━━━━━ EXERCISE DATA ━━━━━
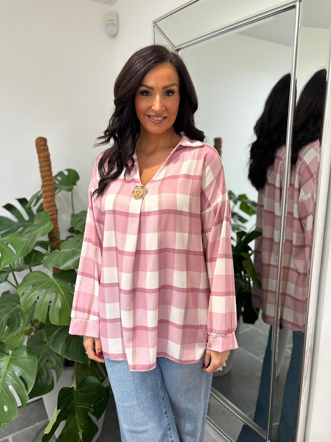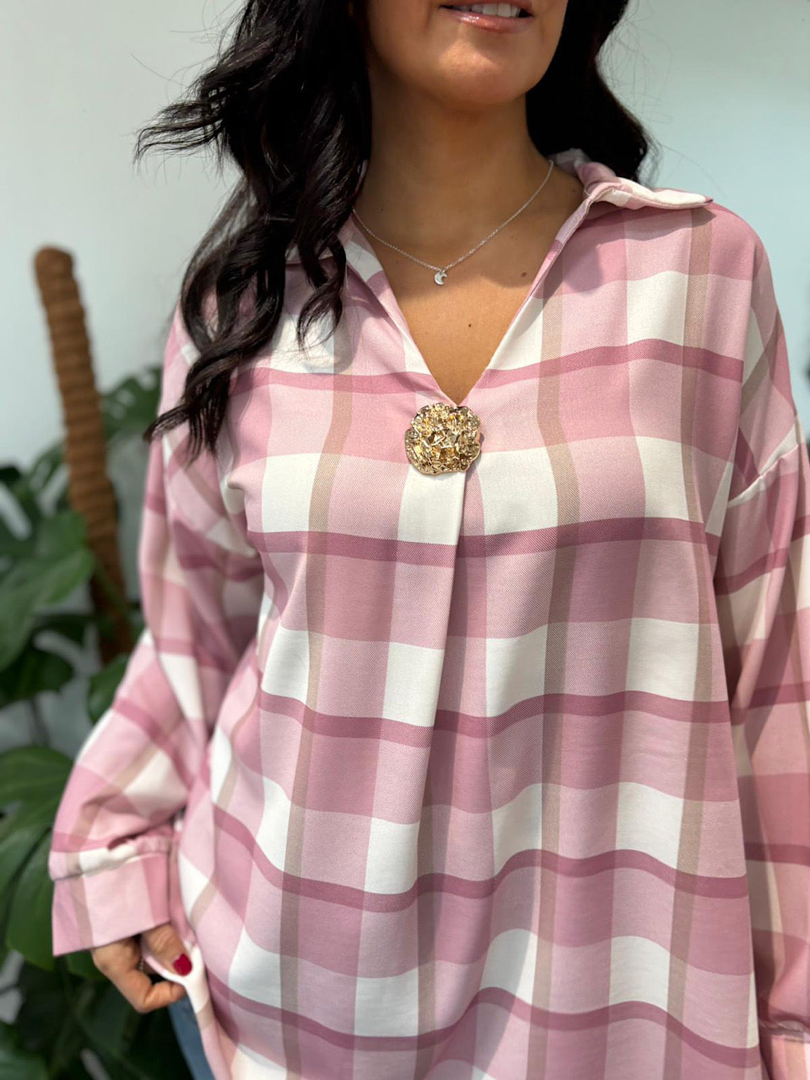 Discover effortless style with this checked blouse, featuring a graceful V-neckline and convenient slip-on design for quick, hassle-free dressing. The included detachable gold brooch adds a touch of elegance—simply pin it to the neckline when you want to dress up, or leave it off for a relaxed, understated look. The timeless checked pattern ensures this piece works beautifully with your existing wardrobe, from smart trousers to casual denim. Whether you're heading to the office or out for the weekend, this versatile blouse adapts to your day with ease and confidence.
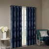 Combining luxe style with functionality, our SunSmart Bentley Ogee Knitted Jacquard Total Blackout Panel is the perfect update to dress any window. An ogee knitted jacquard design is featured in a rich navy hue, creating a luxurious sheen and texture. The heavy fabric uses a foamback and bonding finish enhancing the panel to block out all sunlight, provide a maximum protective barrier against noise intrusion, and offer a maximum level of privacy and energy savings. A silver grommet top finish makes it easy to hang, open, and close panels throughout the day; fits up to a 1.25” diameter rod. With 100% total blackout properties, this window panel is the perfect addition for bedrooms, media rooms, or any private spaces, giving your home a lavish and contemporary appeal. Lighting level: Pitch Black Ambiance.
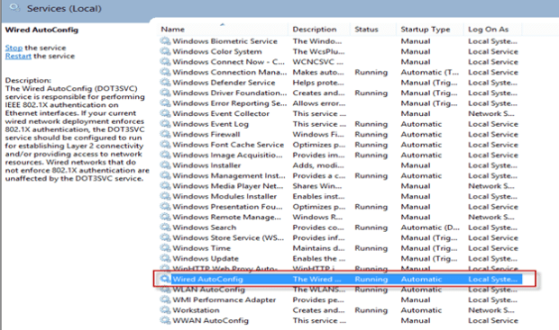 Servislerden Wired Auto Config Start edilir. Startup type’I Automatic’e getirilir.
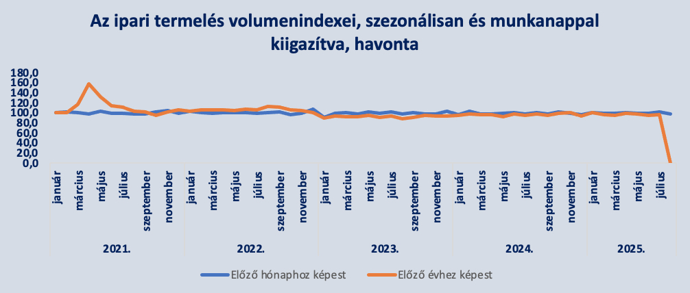 A Központi Statisztikai Hivatal a héten tette közzé a fenti adatot, illetve annak néhány további előzetes részletét. Mint a gyorstájékoztatóban olvasható: augusztusban az ipari termelés volumene 7,3, munkanaphatástól megtisztítva 4,6 százalékkal maradt el az egy évvel korábbitól. A szezonálisan és munkanappal kiigazított adatok alapján az ipari kibocsátás 2,3 százalékkal volt kisebb a 2025. júliusinál.
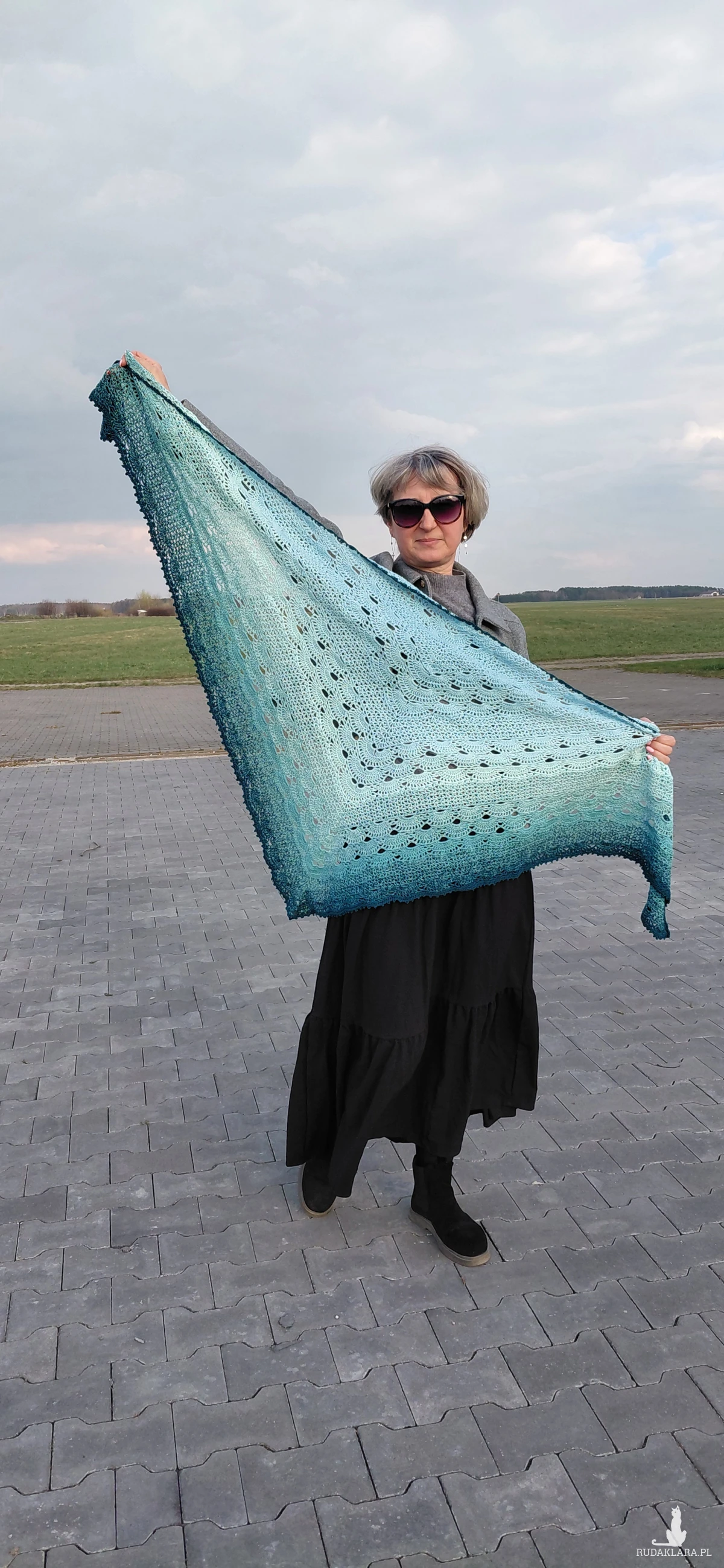 Chusta z włóczki kokonek. Wykonana szydełkiem niepowtarzalnym wzorem.
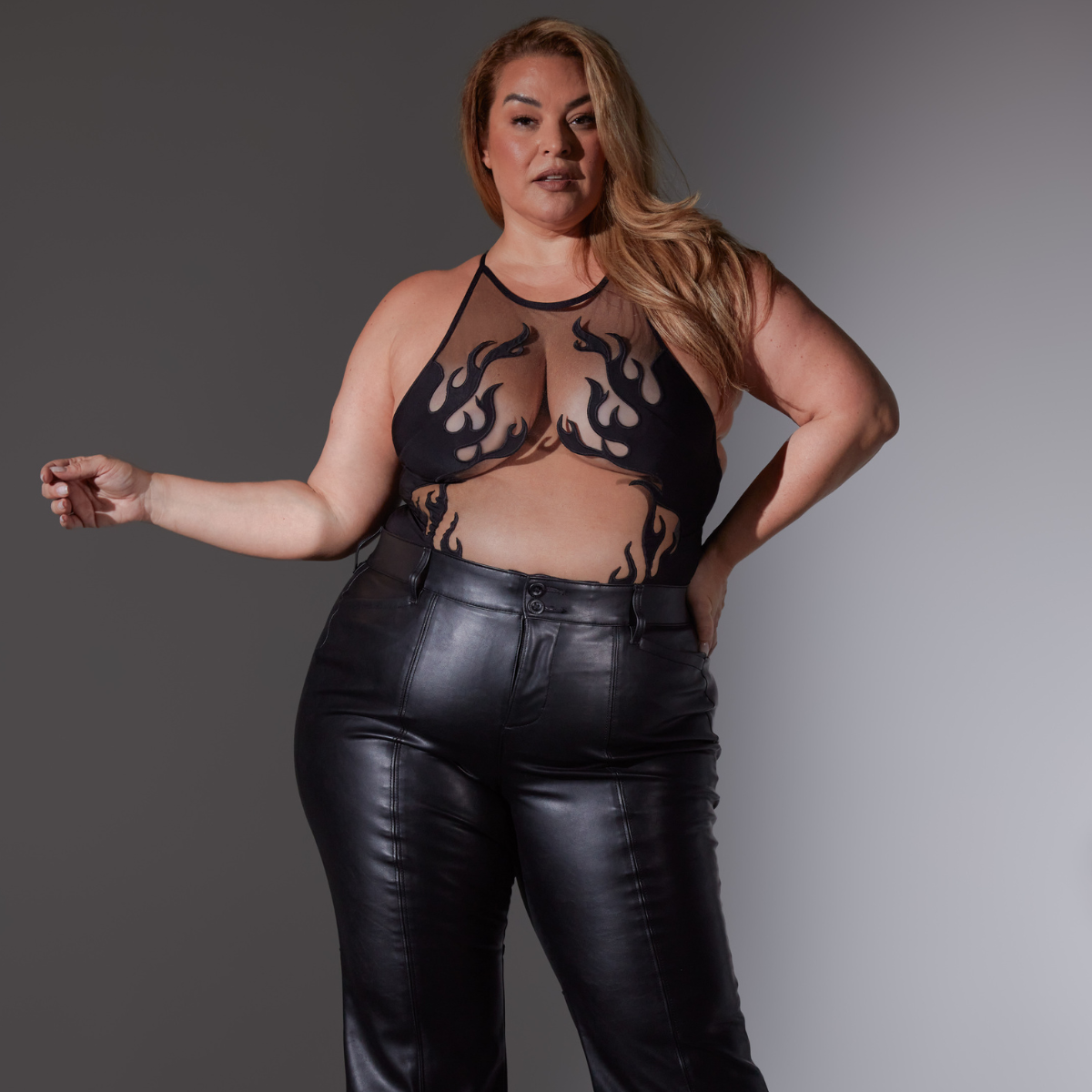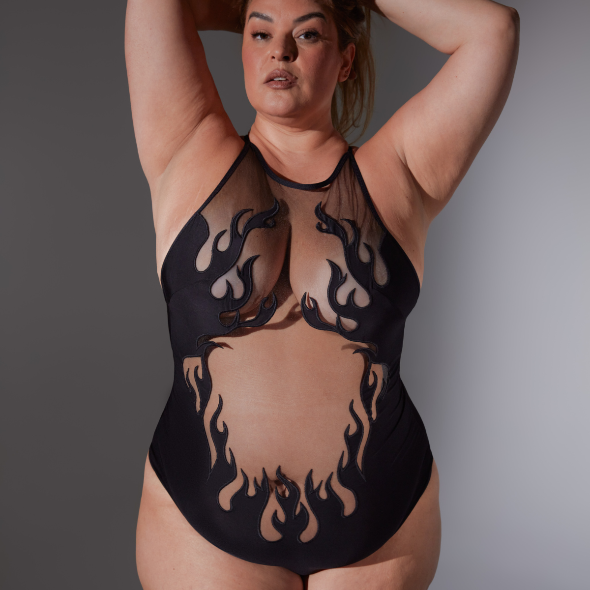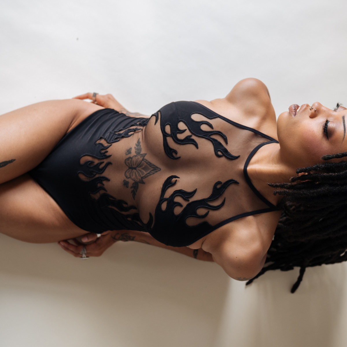 Black bodysuit with fire embroidery and thong back. No snaps at gusset.
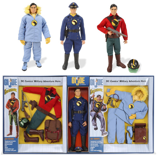G.I. Joe: Blackhawk 12" Figure (2002)This limited edition action figure has a unique hand-painted resin head, never before seen with the 1964 classic G.I. Joe action figure (which features a 21-movable-part body). This deluxe, collectible 12-inch figure comes with highly detailed equipment, two uniform accessory sets and three custom-designed uniforms. Also comes with the timeless 1964-style packaging with box art designed by the renowned Joe Kubert. Figure is numbered on the back of the neck and comes with a Certificate of Authenticity. Note: This item includes one deluxe action figure. Image displays figure dressed in the three included uniforms. |
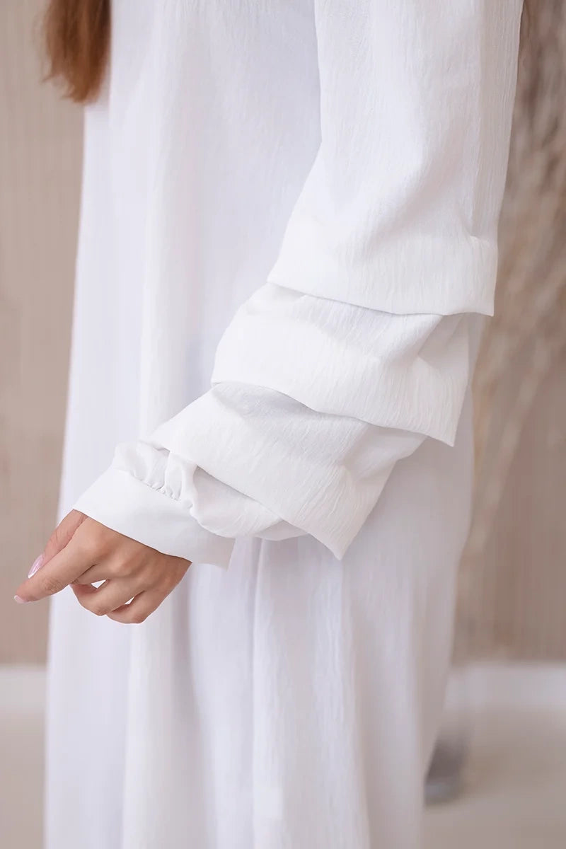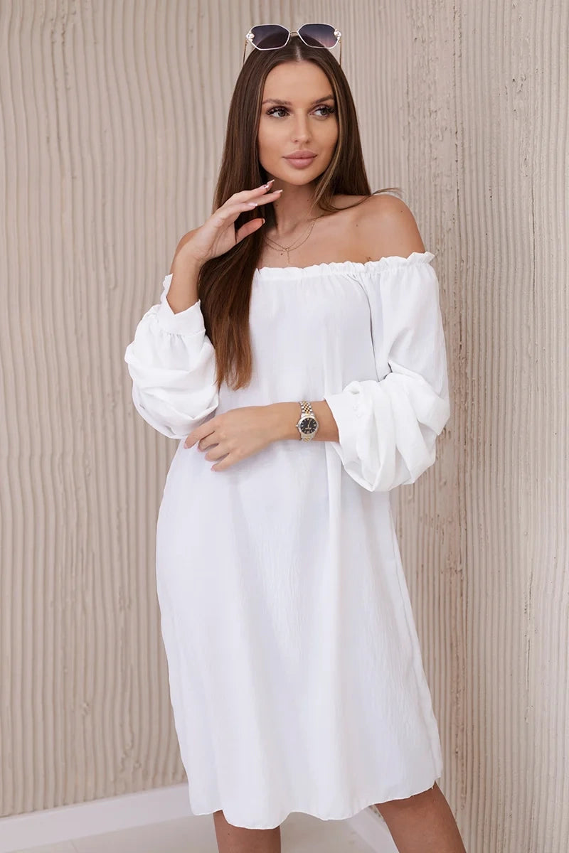 Španielske šaty s ozdobnými rukávmi ecru univerzálne
━━━━━
WORK INSTRUCTIONS -
Everything in the listing above is to be given again exactly, apart from the pictures.

ANSWER TO THE PROBLEM -
 Discover effortless style with this checked blouse, featuring a graceful V-neckline and convenient slip-on design for quick, hassle-free dressing. The included detachable gold brooch adds a touch of elegance—simply pin it to the neckline when you want to dress up, or leave it off for a relaxed, understated look. The timeless checked pattern ensures this piece works beautifully with your existing wardrobe, from smart trousers to casual denim. Whether you're heading to the office or out for the weekend, this versatile blouse adapts to your day with ease and confidence.
 Combining luxe style with functionality, our SunSmart Bentley Ogee Knitted Jacquard Total Blackout Panel is the perfect update to dress any window. An ogee knitted jacquard design is featured in a rich navy hue, creating a luxurious sheen and texture. The heavy fabric uses a foamback and bonding finish enhancing the panel to block out all sunlight, provide a maximum protective barrier against noise intrusion, and offer a maximum level of privacy and energy savings. A silver grommet top finish makes it easy to hang, open, and close panels throughout the day; fits up to a 1.25” diameter rod. With 100% total blackout properties, this window panel is the perfect addition for bedrooms, media rooms, or any private spaces, giving your home a lavish and contemporary appeal. Lighting level: Pitch Black Ambiance.
 Servislerden Wired Auto Config Start edilir. Startup type’I Automatic’e getirilir.
 A Központi Statisztikai Hivatal a héten tette közzé a fenti adatot, illetve annak néhány további előzetes részletét. Mint a gyorstájékoztatóban olvasható: augusztusban az ipari termelés volumene 7,3, munkanaphatástól megtisztítva 4,6 százalékkal maradt el az egy évvel korábbitól. A szezonálisan és munkanappal kiigazított adatok alapján az ipari kibocsátás 2,3 százalékkal volt kisebb a 2025. júliusinál.
 Chusta z włóczki kokonek. Wykonana szydełkiem niepowtarzalnym wzorem.
 Black bodysuit with fire embroidery and thong back. No snaps at gusset.
G.I. Joe: Blackhawk 12" Figure (2002)This limited edition action figure has a unique hand-painted resin head, never before seen with the 1964 classic G.I. Joe action figure (which features a 21-movable-part body). This deluxe, collectible 12-inch figure comes with highly detailed equipment, two uniform accessory sets and three custom-designed uniforms. Also comes with the timeless 1964-style packaging with box art designed by the renowned Joe Kubert. Figure is numbered on the back of the neck and comes with a Certificate of Authenticity. Note: This item includes one deluxe action figure. Image displays figure dressed in the three included uniforms. |
 Španielske šaty s ozdobnými rukávmi ecru univerzálne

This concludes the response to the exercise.